Beyond Mimikatz, several other tools and frameworks are commonly leveraged by attackers for credential access, often incorporating LSASS dumping functionalities.1 These include Cobalt Strike, a popular penetration testing framework often used by advanced threat actors, which has the capability to import and customize existing code from credential theft tools like Mimikatz, allowing operators to easily access LSASS via their command and control beacons.4 Impacket is a collection of Python classes for working with network protocols, which can be used to perform various post-exploitation tasks, including credential dumping. Metasploit, another widely used penetration testing framework, includes modules for credential harvesting, some of which involve LSASS memory access.4 PowerSploit is a PowerShell-based penetration testing toolkit that contains a module called Out-MiniDump, which provides the option to create a full memory dump of a specified process, including LSASS.4 Empire is a post-exploitation framework that leverages PowerShell agents and includes modules for credential theft, such as Invoke-Mimikatz.4 Older tools like Pwdump and Dumpert are also sometimes encountered. More recently, newer tools like LSASSY and SafetyKatz have emerged, specifically designed for dumping LSASS memory, with SafetyKatz being a more up-to-date version of the well-known tool. Nanodump and DumpThatLsass represent further evolution in this space, with Nanodump specifically aiming to bypass modern security solutions by leveraging techniques like Beacon Object Files.10 The continuous development of new tools and the adaptation of existing ones underscore the ongoing dynamic between attackers and security vendors in the realm of credential theft, requiring security professionals to remain vigilant and continuously update their defenses to address the latest threats.

LOLBin Name	Functionality Used	Common Command-Line Arguments/Actions	Threat Actors Observed Using This LOLBin
rundll32.exe	Executing comsvcs.dll with MiniDump	/pid <LSASS PID> <output path> full	Storm-0270
procdump.exe	Creating process memory dumps	-accepteula -ma lsass.exe <output file>	Storm-0300, Seashell Blizzard
taskmgr.exe	Creating dump file	Right-click "Create dump file" on lsass.exe	Seashell Blizzard, Storm-0300
Process Explorer	Creating process memory dumps	Right-click "Create Dump" on lsass.exe	Storm-0300
SQLDumper.exe	Producing full memory dumps	<LSASS PID>	Unknown

4. Detection and Prevention by Microsoft Defender for Endpoint

Microsoft Defender for Endpoint offers a comprehensive suite of capabilities for detecting and preventing the LSASS credential dumping techniques that are prevalent in the wild.6 It is designed to identify suspicious activities targeting the LSASS process and block known credential theft tools and behaviors.5 Notably, Microsoft participated in an evaluation conducted by AV-Comparatives, an independent testing organization, specifically focused on detecting and blocking LSASS credential dumping. In this test, Microsoft Defender for Endpoint reportedly passed all 15 test cases designed to simulate various techniques used to dump user operating system credentials from LSASS memory.6 This outcome underscores the effectiveness of Defender for Endpoint's layered approach to protecting against this critical threat.

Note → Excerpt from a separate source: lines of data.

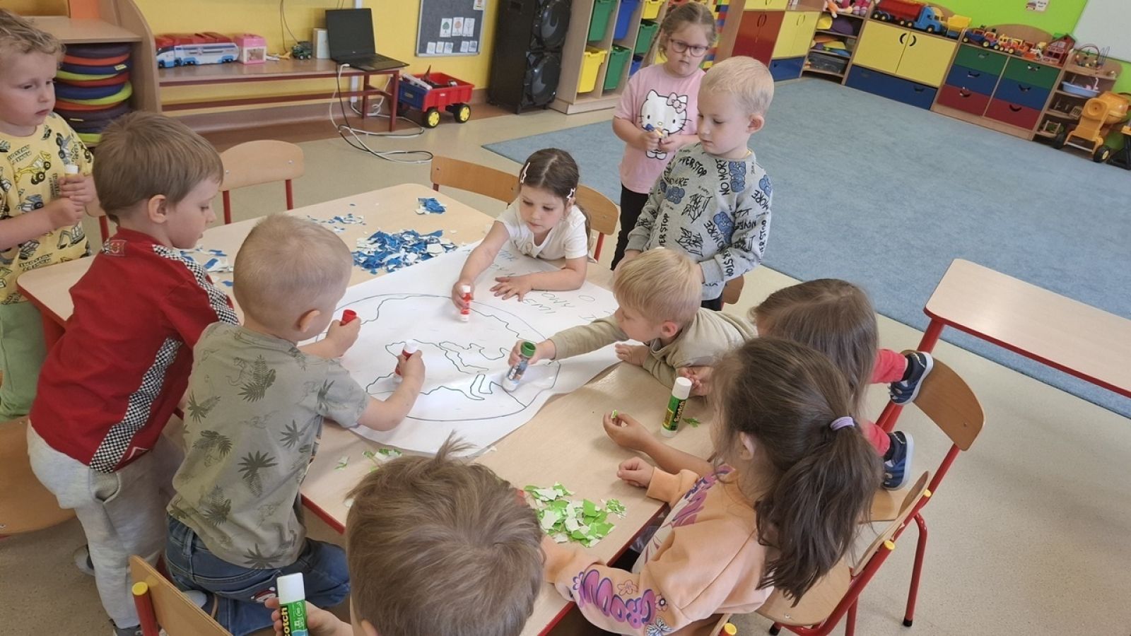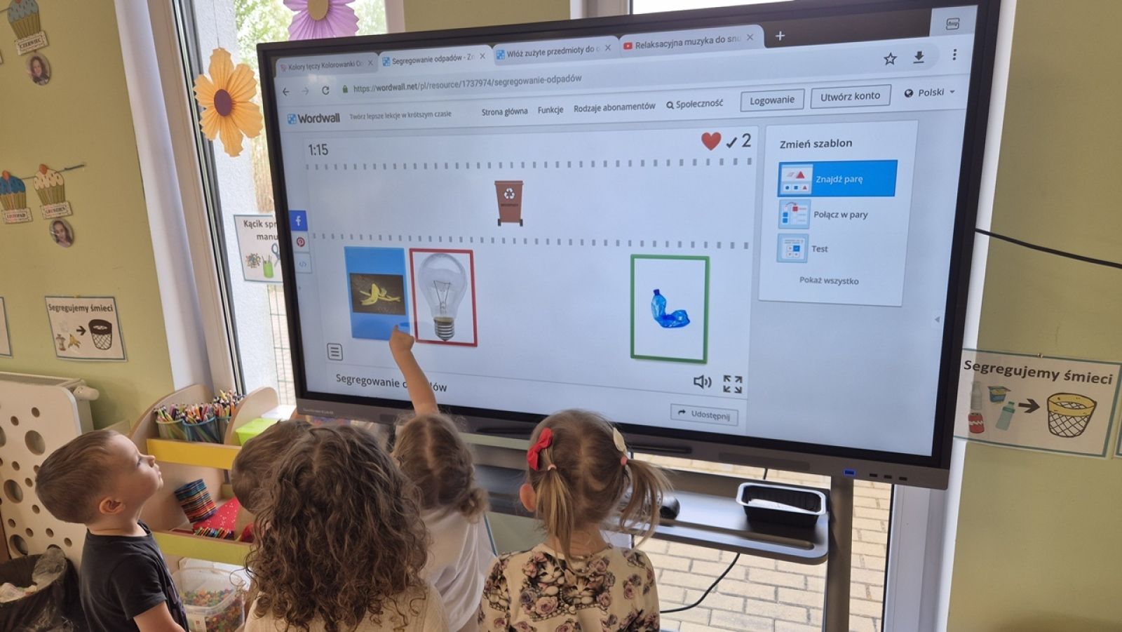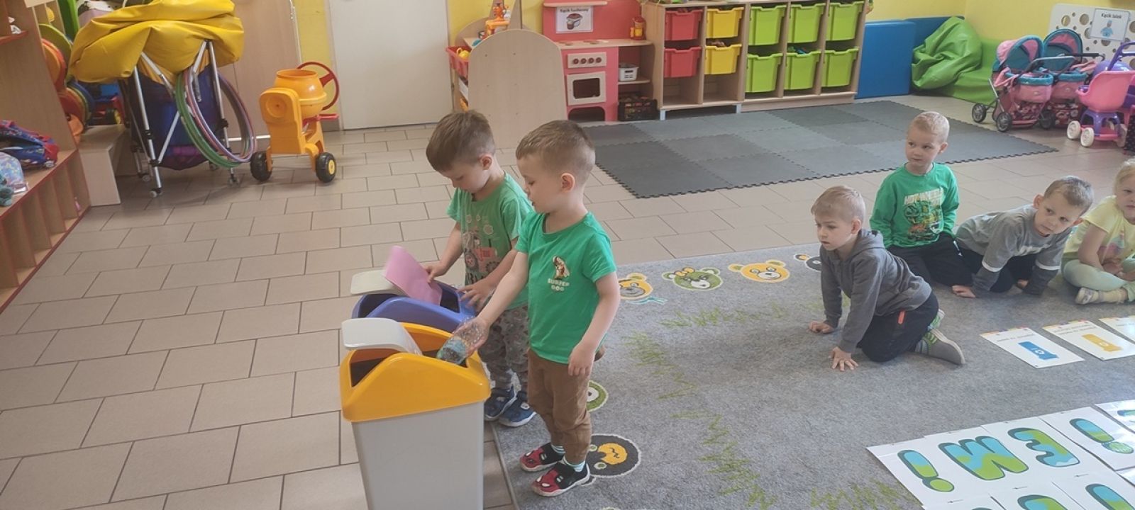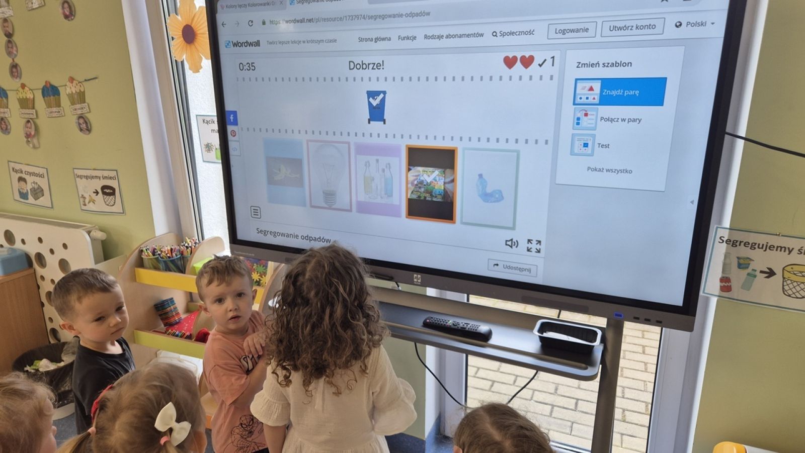 22 kwietnia nasze przedszkole wypełniła zielona energia i wyjątkowy klimat – obchodziliśmy Dzień Ziemi. To święto było doskonałą okazją do rozmów o ochronie środowiska oraz do nauki przez zabawę. Grupy Rybki, Motylki, Pszczółki i Jagódki z wielkim entuzjazmem zaangażowały się w szereg ekologicznych działań. Dzieci malowały plakaty ekologiczne oraz podczas zajęć utrwalały wiedzę na temat segregacji odpadów. Przedszkolaki z pomocą Pań przypomniały sobie, co powinno trafić do którego pojemnika i dlaczego recykling jest tak ważny. Zabawa w sortowanie śmieci była nie tylko edukacyjna, ale i bardzo angażująca – maluchy świetnie poradziły sobie z zadaniami. W każdej z grup dzieci obejrzały prezentacje multimedialne oraz bajki edukacyjne o tematyce ekologicznej. Materiały w przystępny sposób przybliżyły najmłodszym, jak dbać o lasy, rzeki, powietrze i zwierzęta. Dzięki ciekawym obrazkom i opowieściom dzieci lepiej zrozumiały, jakie znaczenie mają codzienne, nawet najmniejsze działania w trosce o naszą planetę. Dzień Ziemi w naszym przedszkolu był pełen radości, kolorów i wartościowych treści. Dzieci nie tylko świetnie się bawiły, ale też nauczyły się, że każdy z nas – bez względu na wiek – może być przyjacielem Ziemi.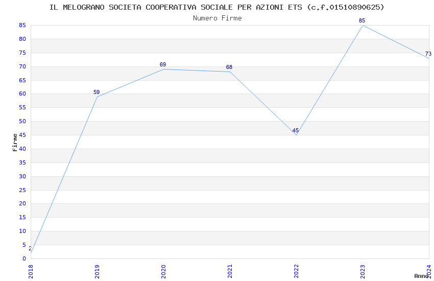 | 2023 | 85 | 5.498,00 | 64,68 | 9.809 | 652 | 33 | 12 |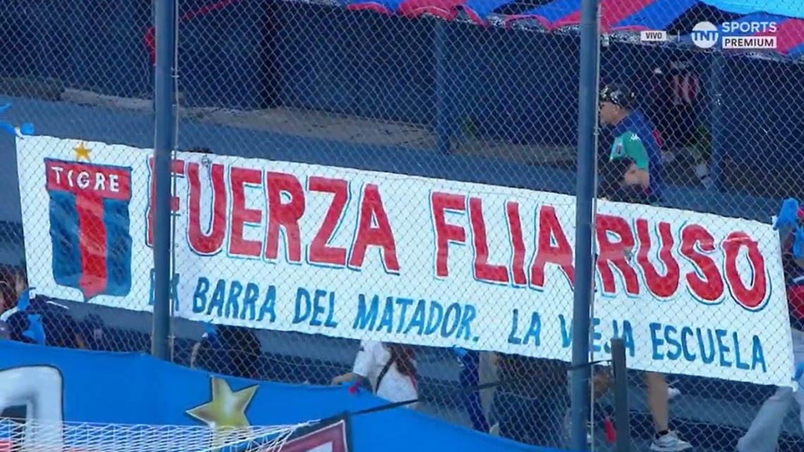 En el partido del fin de semana pasado, los hinchas de Club Atlético Tigre quisieron rendir homenaje al fallecido Miguel Ángel Russo, pero su gesto quedó marcado por un detalle inesperado: una bandera colgada en la tribuna decía “Fuerza Flia Ruso” en lugar de “Russo”.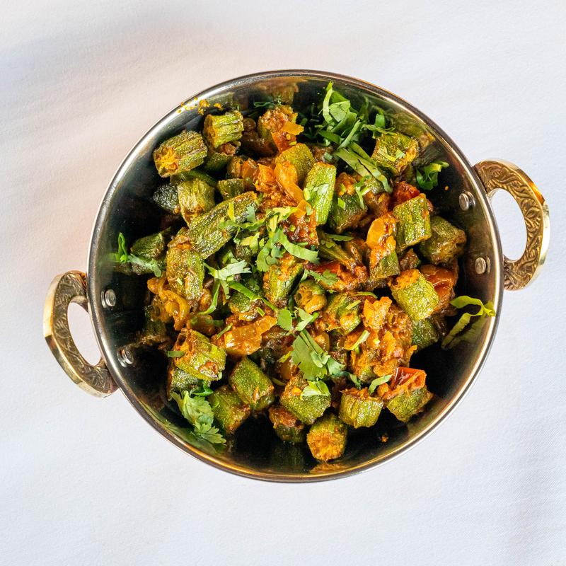 Okra cooked with onion and tomatoes and royal spices.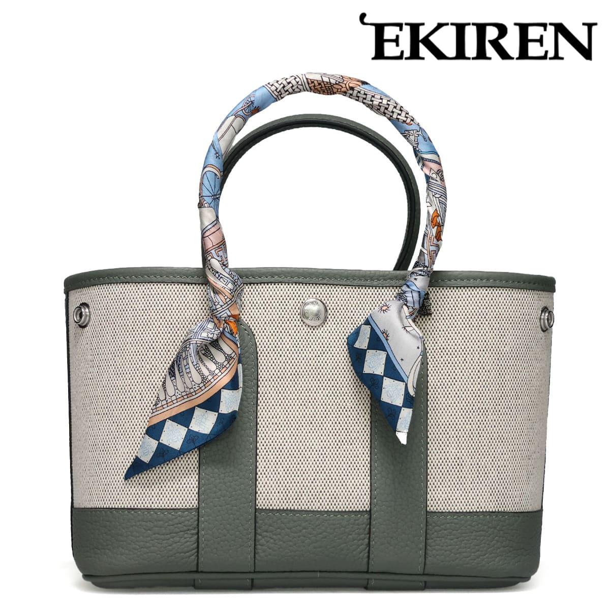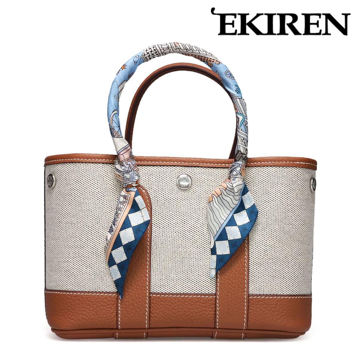 EKIREN History 兵庫県神戸市から生まれたオリジナルブランド『EKIREN(エキレン)』 熟練の職人が作り出す鞄、財布、そして小物は、選りすぐりの上質な本革、国産の姫路レザーとイタリアのTOGO革のみを使用。 繊細で器用な手仕事、そしてこだわりが込められた作品の数々は、お客様からも高い評価をいただいています。 確かな品質と散りばめられたアクセントを感じてもらいたい。 そんな気持ちを乗せて「EKIREN」は、丁寧な仕事を追求し続けます。 Item Information ▼ブランド EKIREN / エキレン Made in Japan / 日本製 ▼品番 gp-002 ▼色 ブラック エトゥープ グリーン グレージュ ラクダ ▼特徴 上質な帆布と本革を組み合わせた、スタイリッシュで実用的なミニトートバッグ。 ハンドルにはアクセントとなるスカーフが巻かれており、シンプルなデザインに華やかさを添えます。 小ぶりなサイズ感ながらもガバっと開いて荷物を入れやすく、デイリーからちょっとしたお出かけまで活躍。 サイドのスナップボタンを留めたり外したりすることで、シルエットが変わり、気分に合わせてかわいい表情を楽しめます。 ▼サイズ W25×H16×D10cm ※上記のサイズは当店での参考サイズ目安でございます。ブランドや木型によって表記サイズの寸法は異なります。 ▼素材 レザー、帆布 ▼在庫について 当店は、店頭同時販売のため、売り切れの場合がございます。 その際は、当店の都合によりキャンセルとさせて頂きますが、ご了承下さいますよう、お願い致します。 ▼その他 お使いのパソコンのモニターの状況、撮影時の状況により、写真と実際の商品の色合いが多少異なる場合がございます。入荷の際すでにお箱が多少破損したもの、汚れのあるものがございます。 摩擦や水濡れによって衣類に色移りする場合がございます。十分にご注意ください。 こちらの商品は天然素材を使用しておりますため、もともとのシワ、色むら、小さな穴等がある場合がございます。こちらは天然皮革の味であり、風合いでございますので、不良品ではございません。 ▼実店舗との同時運営に伴うご注意点 当店は実店舗との同時運営のため、試着時についた履きジワ等があることがございます。その都度ケアをしておりますが、シワが深い場合はメールにてご連絡させていただくことがございます。その際、基本的には、ご了承をいただいてからの発送とさせていただいております。あしからずご了承くださいませ。

Defender for Endpoint employs several key detection mechanisms to identify potential LSASS credential dumping attacks. Behavioral monitoring plays a crucial role in identifying anomalous activities.6 The solution continuously monitors processes running on endpoints and can detect unusual processes attempting to access the memory space of the LSASS process.1 It also looks for specific API calls that are commonly associated with memory dumping operations, such as the MiniDumpWriteDump function.4 Furthermore, Defender for Endpoint analyzes the command-line arguments used with legitimate tools (LOLBins) and can flag suspicious patterns, such as the use of the -ma or -mm flags with procdump.exe or the presence of the term "MiniDump" in the command line of rundll32.exe when targeting the LSASS process.4 This focus on behavioral detection is critical for identifying attacks that leverage legitimate tools for malicious purposes, as it analyzes the actions being performed rather than relying solely on the identification of specific executable files.

In addition to behavioral monitoring, Microsoft Defender for Endpoint also utilizes signature-based detection.6 This involves identifying known credential theft tools like Mimikatz based on their unique signatures and patterns.5 The solution also incorporates intelligence to detect patterns associated with common attack frameworks that include LSASS dumping capabilities.

Attack Surface Reduction (ASR) rules provide a proactive layer of defense against LSASS credential dumping.4 Specifically, the "Block credential stealing from the Windows local security authority subsystem (lsass.exe)" rule is designed to prevent untrusted and unsigned processes from accessing the LSASS process memory to steal credentials.4 This rule operates by restricting the ability of unauthorized processes to inject code into LSASS or read its memory contents.4 It is important to note that this particular ASR rule does not rely on indicators of compromise for specific files or certificates; instead, it focuses on blocking the behavior of accessing LSASS memory from processes that are not deemed legitimate or trusted.20 ASR rules like this provide a crucial proactive defense mechanism by limiting specific behaviors known to be exploited by attackers, even before a specific malicious tool is identified on the system.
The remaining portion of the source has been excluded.